Feature

Black Nurses and the 1793 Philadelphia Yellow Fever Epidemic

A tale of disease, fear, inflammatory propaganda and ultimate heroism

In 1793, Philadelphia was as large and as cosmopolitan a city as could be found in the new United States. Until 1800, Philadelphia served as the U.S. capital. The city was also home to a substantial number of people of color. Many were freedmen and some were prosperous.

Philadelphia’s white residents often regarded their Black neighbors with disdain and hostility, made worse by an influx of French refugees from Haiti and Santo Domingo, where there had been recent slave uprisings. (At the time, many prominent officials were slave owners, including then Secretary of State Thomas Jefferson.)

With so much tension, it would not have taken much to cause an explosion. The yellow fever outbreak that summer was more than sufficient.

A Cry for Help

As the disease spread, so too did panic. Some 20,000 residents fled the city. Deaths became so frequent that the College of Physicians asked city officials to stop tolling bells for the dead because the constant ringing was so oppressive.

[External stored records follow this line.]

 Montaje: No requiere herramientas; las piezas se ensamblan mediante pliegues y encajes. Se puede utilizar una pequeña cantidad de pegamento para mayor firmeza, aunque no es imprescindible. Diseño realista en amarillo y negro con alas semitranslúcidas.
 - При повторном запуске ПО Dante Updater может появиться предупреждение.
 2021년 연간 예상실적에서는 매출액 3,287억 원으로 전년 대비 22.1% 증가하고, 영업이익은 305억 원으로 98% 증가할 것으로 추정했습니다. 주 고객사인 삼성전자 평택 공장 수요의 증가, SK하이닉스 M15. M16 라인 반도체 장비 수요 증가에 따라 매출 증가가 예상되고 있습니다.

At the time, no one knew what caused the outbreak. (It was not until the 1880s that the Aedes aegypti mosquito was identified as the principal transmission vector of yellow fever.) Many Philadelphians believed the outbreak was somehow linked to “bad vapors” from coffee left rotting on the docks.

Most people knew the disease was contagious, although many wrongly believed Black people were immune. With the exodus of so many able-bodied residents, care for the sick and dying was limited at best. In desperation, civic leaders — including Declaration of Independence signatory Benjamin Rush, M.D., then a professor at the Institutes of Medicine — approached the city’s Black community for help.

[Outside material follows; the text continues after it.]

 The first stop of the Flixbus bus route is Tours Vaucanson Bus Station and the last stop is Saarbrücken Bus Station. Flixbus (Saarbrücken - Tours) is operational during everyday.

The leaders of Philadelphia’s Free African Society, a mutual aid organization founded in 1787 by ministers Absalom Jones and Richard Allen in partnership with Black abolitionists like William Gray, willingly agreed to provide that assistance.

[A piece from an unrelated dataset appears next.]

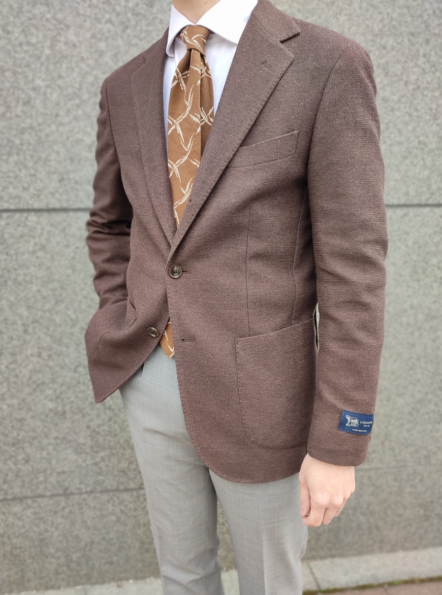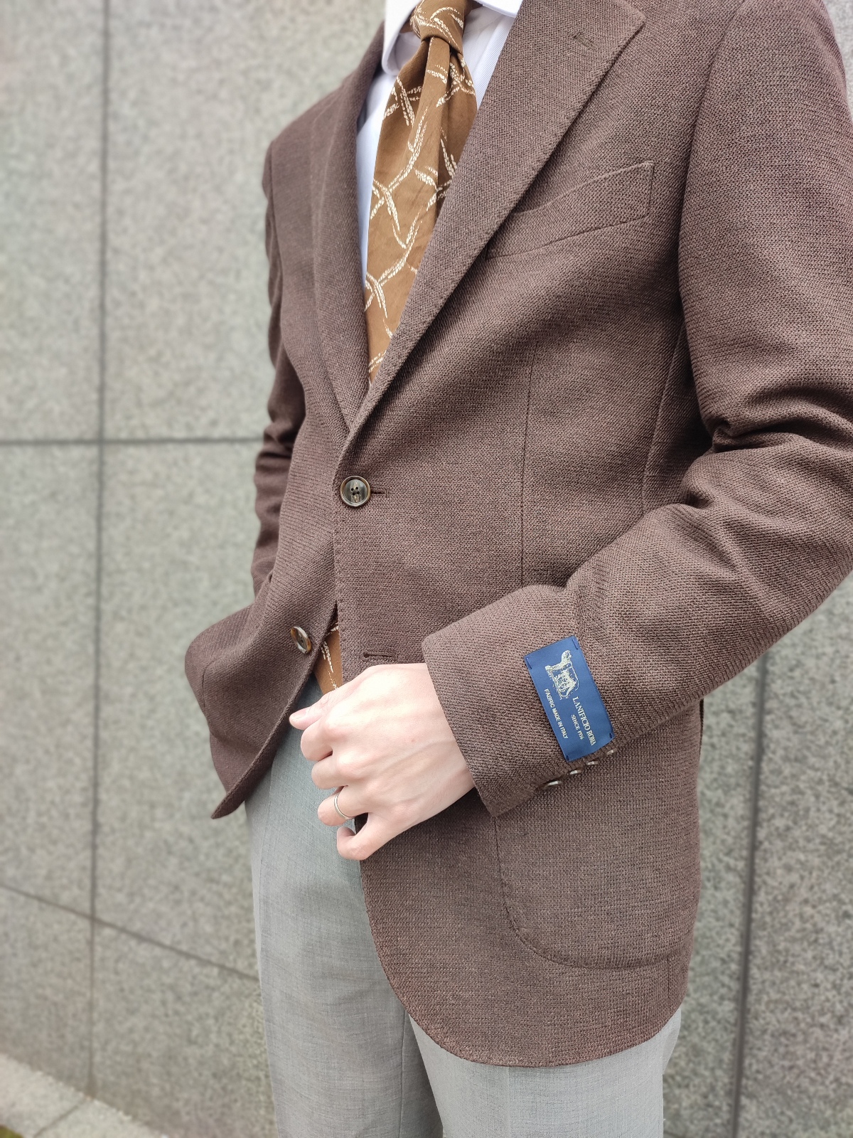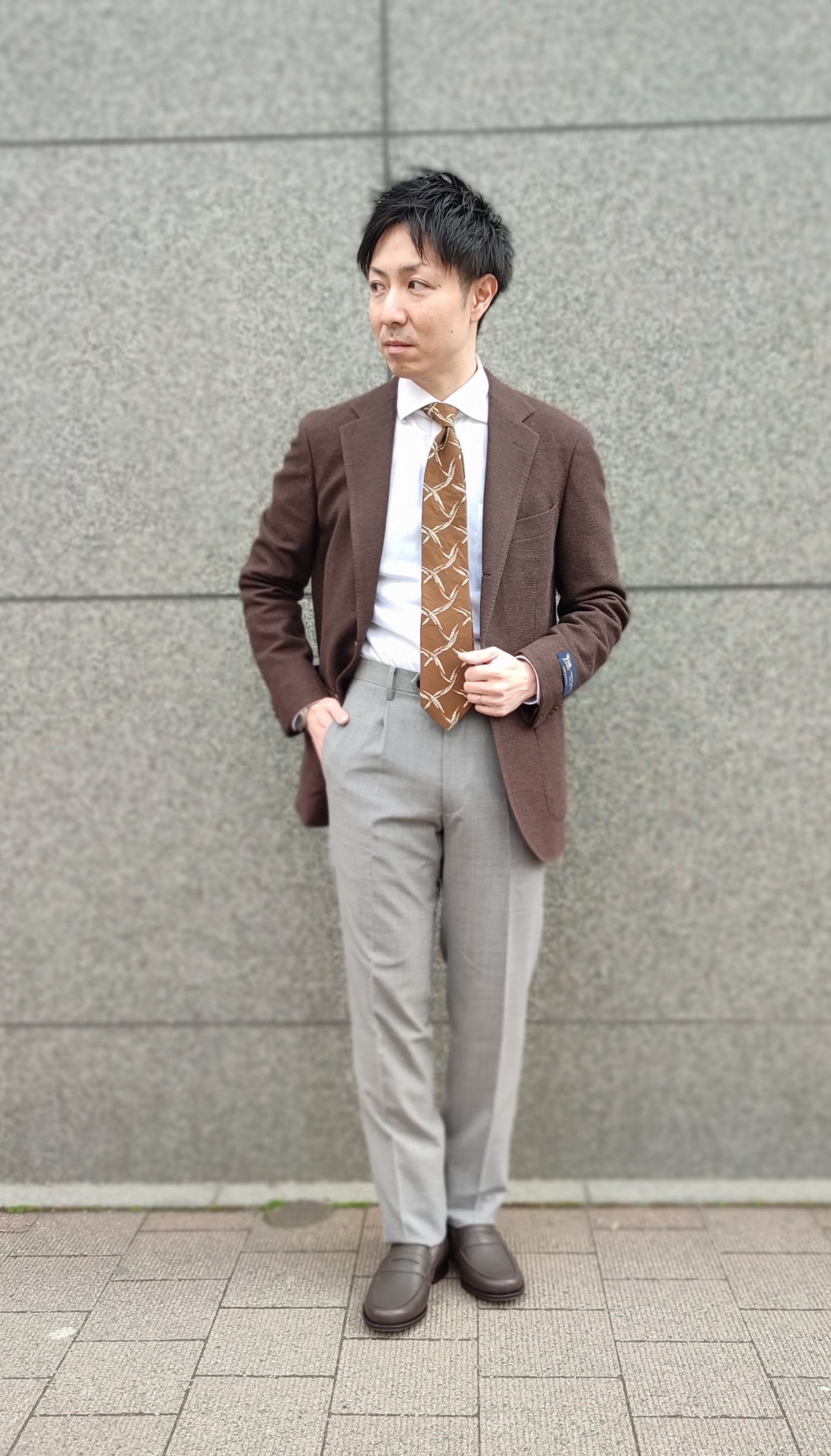 色味の良いジャケットなので、今回は色数を絞って、白シャツ×ブラウンタイの王道Vゾーン✨

Few of the Black Philadelphians who answered the call had any medical training.

Nursing, Jones and Allen later remarked, “is in itself a considerable art, derived from experience as well as the exercise of the finer feelings of humanity — this experience, nine-tenths of those employed, it is probable, were wholly strangers to.” Skilled nurses were in very short supply in Philadelphia, and some had already balked at the horrendous conditions at the makeshift hospital established in Andrew Hamilton’s Bush Hill mansion. (Jones and Allen noted that Bush Hill’s two Black nurses were among the few who stayed.)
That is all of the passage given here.